Problem requirements:
The whole listing, apart from its images, should be restated word for word.

Data below:
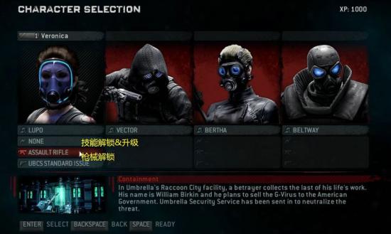 整个游戏中,你会获得一定的经验从而解锁你人物的各类技能并且加以提升,或者解锁新武器进行游戏。
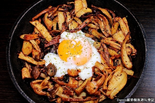 使用來自法國的松露醬再搭配柳松菇、精靈菇、杏鮑菇、鴻喜菇等,中間再加入一顆半熟溫泉蛋
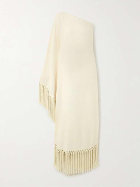 EDITORS'NOTES Make a big event feel even more special in Taller Marmo's 'Nina' dress. It's made from cady that drapes through the body and has an elegant halterneck that cuts the shoulders beautifully. The swishy fringing ups the drama factor, whether you're dancing or circulating the room. SIZE & FIT Model measurements: - Fits true to size, take your normal size - Those with a curvy figure may wish to take the next size up - Designed for a slim fit - Ties at the back for an adjustable fit - Mid-weight, non-stretchy fabric with fringed trim - Model is 177cm/ 5'10" and is wearing an IT 38 - Bust: 79cm/ 31" - Waist: 61cm/ 24" - Hip: 89cm/ 35" DETAILS & CARE - Black cady - Concealed zip fastening at side; ties at neck - 78% acetate, 22% viscose; trim; 100% acetate - Specialist clean
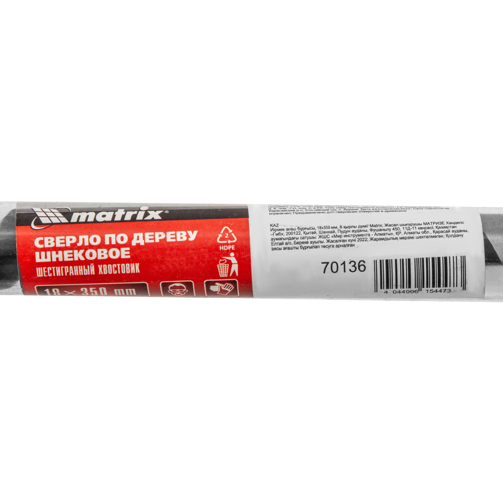 Шнековое сверло по дереву Matrix 70136 размером 18 х 350 мм, с 6-гранным хвостовиком, предназначено для получения глубоких отверстий. Подходит для работы как с мягкими, так и с твердыми породами древесины. Конструкция сверла рассчитана на интенсивное использование с высокими нагрузками в ходе строительных, ремонтных и отделочных работ.

Finished exercise:
 整个游戏中,你会获得一定的经验从而解锁你人物的各类技能并且加以提升,或者解锁新武器进行游戏。
 使用來自法國的松露醬再搭配柳松菇、精靈菇、杏鮑菇、鴻喜菇等,中間再加入一顆半熟溫泉蛋
 EDITORS'NOTES Make a big event feel even more special in Taller Marmo's 'Nina' dress. It's made from cady that drapes through the body and has an elegant halterneck that cuts the shoulders beautifully. The swishy fringing ups the drama factor, whether you're dancing or circulating the room. SIZE & FIT Model measurements: - Fits true to size, take your normal size - Those with a curvy figure may wish to take the next size up - Designed for a slim fit - Ties at the back for an adjustable fit - Mid-weight, non-stretchy fabric with fringed trim - Model is 177cm/ 5'10" and is wearing an IT 38 - Bust: 79cm/ 31" - Waist: 61cm/ 24" - Hip: 89cm/ 35" DETAILS & CARE - Black cady - Concealed zip fastening at side; ties at neck - 78% acetate, 22% viscose; trim; 100% acetate - Specialist clean
 Шнековое сверло по дереву Matrix 70136 размером 18 х 350 мм, с 6-гранным хвостовиком, предназначено для получения глубоких отверстий. Подходит для работы как с мягкими, так и с твердыми породами древесины. Конструкция сверла рассчитана на интенсивное использование с высокими нагрузками в ходе строительных, ремонтных и отделочных работ.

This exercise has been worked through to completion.